= Beginning of Section =
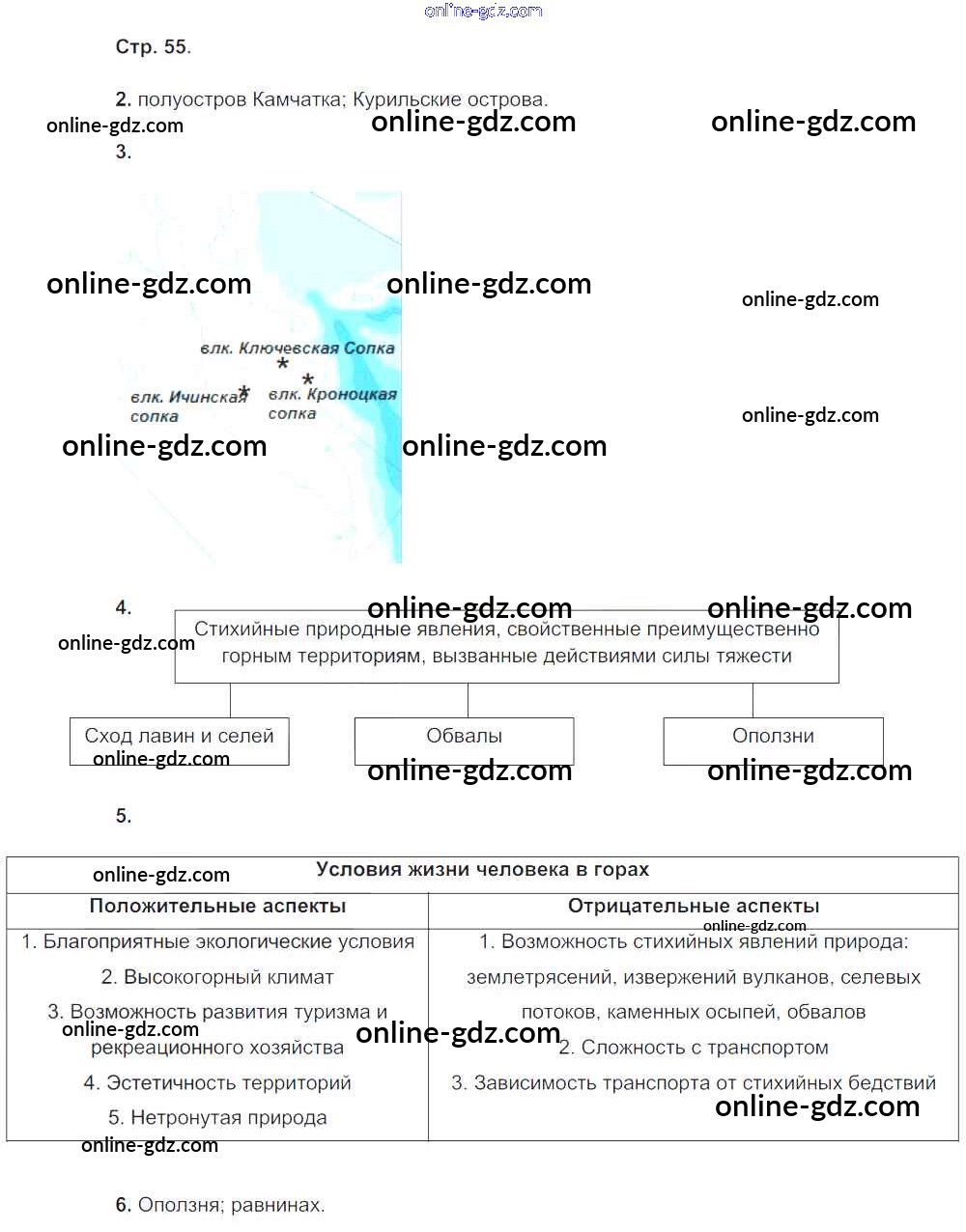 Готовые домашние задания по Географии за 8 класс Рабочая тетрадь Пятунин, Таможняя Алгоритм успеха 2017 - Часть 1. Страницы 55
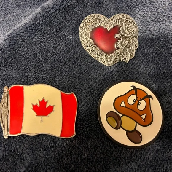 Set of three belt buckles, one Canadian Flag, one heart with roses, and one Goomba.
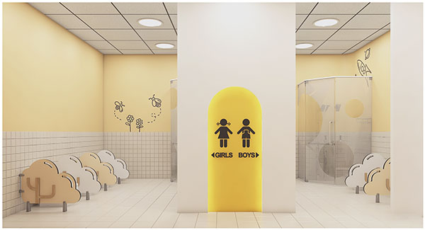 - Vách ngăn nhà vệ sinh với lớp học là kính để giáo viên dễ quan sát học sinh.
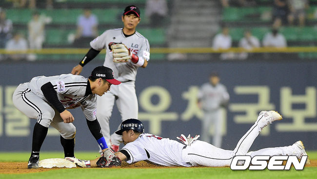 8회말 두산 공격 무사 1루 상황 장민석 타석 때 오재원이 2루 도루에 성공하고 있다.
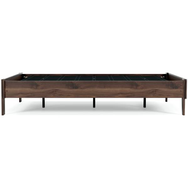 The Calverson King Platform Bed delivers a bold and contemporary aesthetic that transforms your bedroom into a sophisticated retreat. Its clean-lined silhouette and rich brown finish with a subtle wood grain texture evoke a sense of warmth and modern elegance. The sleek, minimalist design makes it a perfect addition to both modern and transitional spaces, offering a stylish yet practical sleeping solution.
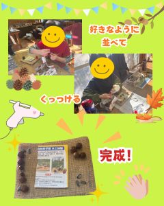 今回のイベントでは自然物に触れ季節を感じ作品作りを通すことで想像力や豊かな感性を育むことが出来ました🌱
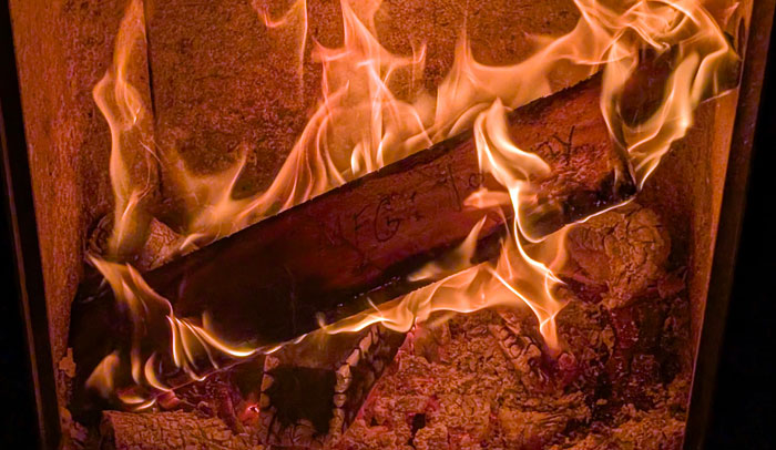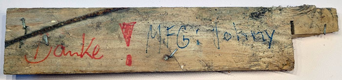 Zusammen mit anderem Holz lagen nun auch die Teile dieser Kisten einige Jahre in unserem Brennholzlager und bei diesem Brettchen musste ich einfach vor der feierlichen Einäscherung noch ein Erinnerungsfoto machen. Damit sind wir nun endgültig geschiedene Leute.
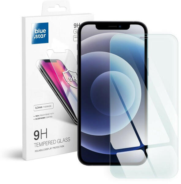iPhone 12 / 12 Pro üvegfólia, tempered glass, előlapi, edzett, Bluestar részletes leírása : Az üvegfólia iPhone 12 (6.1") és iPhone 12 Pro (6.1") mobiltelefon képernyőjéhez igazodva lett kialakítva, amely a képernyő sík részén teljesen feltapad és lefedi, ezálltal hatékony védelmet nyújt a karcolások ellen készülékének. A védőfólia 100%-ban átlátszó, 0.3mm vastags
= End of Section =
Begin at the first line of the records. Print every line through the one containing "Zusammen mit anderem" exactly, but skip the pictures.

 Готовые домашние задания по Географии за 8 класс Рабочая тетрадь Пятунин, Таможняя Алгоритм успеха 2017 - Часть 1. Страницы 55
 Set of three belt buckles, one Canadian Flag, one heart with roses, and one Goomba.
 - Vách ngăn nhà vệ sinh với lớp học là kính để giáo viên dễ quan sát học sinh.
 8회말 두산 공격 무사 1루 상황 장민석 타석 때 오재원이 2루 도루에 성공하고 있다.
 The Calverson King Platform Bed delivers a bold and contemporary aesthetic that transforms your bedroom into a sophisticated retreat. Its clean-lined silhouette and rich brown finish with a subtle wood grain texture evoke a sense of warmth and modern elegance. The sleek, minimalist design makes it a perfect addition to both modern and transitional spaces, offering a stylish yet practical sleeping solution.
 今回のイベントでは自然物に触れ季節を感じ作品作りを通すことで想像力や豊かな感性を育むことが出来ました🌱
 Zusammen mit anderem Holz lagen nun auch die Teile dieser Kisten einige Jahre in unserem Brennholzlager und bei diesem Brettchen musste ich einfach vor der feierlichen Einäscherung noch ein Erinnerungsfoto machen. Damit sind wir nun endgültig geschiedene Leute.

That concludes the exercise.